4. Maintain the following strict format in your output:
   - **Caption:** <one-sentence description>  
   - **Attributes:** <comma-separated list of visual attributes>  
   - **{class_name==core_theme}**

5. Ensure captions are **precise, neutral, and descriptive**, avoiding unnecessary elaboration or subjective interpretation unless explicitly required.

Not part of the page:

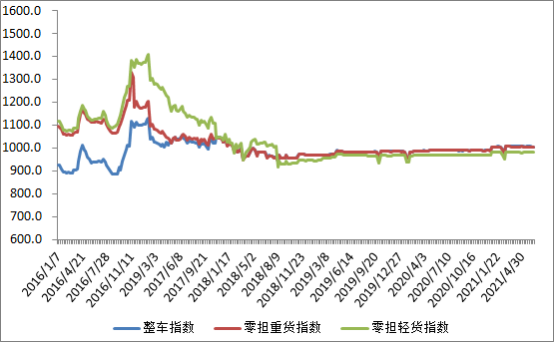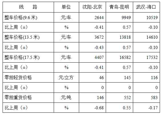 分车型看,各车型指数环比回升。其中,整车指数为1005.25点,比上周回落0.02%;零担轻货指数为981.21点,比上周回落0.01%;零担重货指数为1005.09点,比上周回落0.01%。

6. Do not reference the rules or instructions in the output. Only return the formatted caption, attributes, and class_name.
"""

Quick Start with Transformers

from transformers import Qwen2_5_VLForConditionalGeneration, AutoTokenizer, AutoProcessor
from qwen_vl_utils import process_vision_info

model = Qwen2_5_VLForConditionalGeneration.from_pretrained(
    "prithivMLmods/DeepCaption-VLA-V2.0-7B", torch_dtype="auto", device_map="auto"
)

processor = AutoProcessor.from_pretrained("prithivMLmods/DeepCaption-VLA-V2.0-7B")

messages = [
    {
        "role": "user",
        "content": [
            {
                "type": "image",
                "image": "https://qianwen-res.oss-cn-beijing.aliyuncs.com/Qwen-VL/assets/demo.jpeg",
            },
            {"type": "text", "text": "Describe this image with detailed attributes and properties."},
        ],
    }
]

text = processor.apply_chat_template(
    messages, tokenize=False, add_generation_prompt=True
)
image_inputs, video_inputs = process_vision_info(messages)
inputs = processor(
    text=[text],
    images=image_inputs,
    videos=video_inputs,
    padding=True,
    return_tensors="pt",
)
inputs = inputs.to("cuda")

generated_ids = model.generate(**inputs, max_new_tokens=128)
generated_ids_trimmed = [
    out_ids[len(in_ids):] for in_ids, out_ids in zip(inputs.input_ids, generated_ids)
]
output_text = processor.batch_decode(
    generated_ids_trimmed, skip_special_tokens=True, clean_up_tokenization_spaces=False
)
print(output_text)

Intended Use

Generating attribute-rich image captions for research, dataset creation, and AI training.
Vision-language attribution for object detection, scene understanding, and dataset annotation.
Supporting creative, artistic, and technical applications requiring descriptive image understanding.
Captioning across varied aspect ratios, non-standard datasets, and multilingual contexts.

Limitations

May over-attribute or infer properties not explicitly visible in ambiguous or low-resolution images.
Caption tone and level of detail may vary depending on prompt phrasing.
Not intended for filtered captioning tasks; explicit or sensitive content may still appear.
Performance may degrade slightly on highly synthetic or abstract visual domains.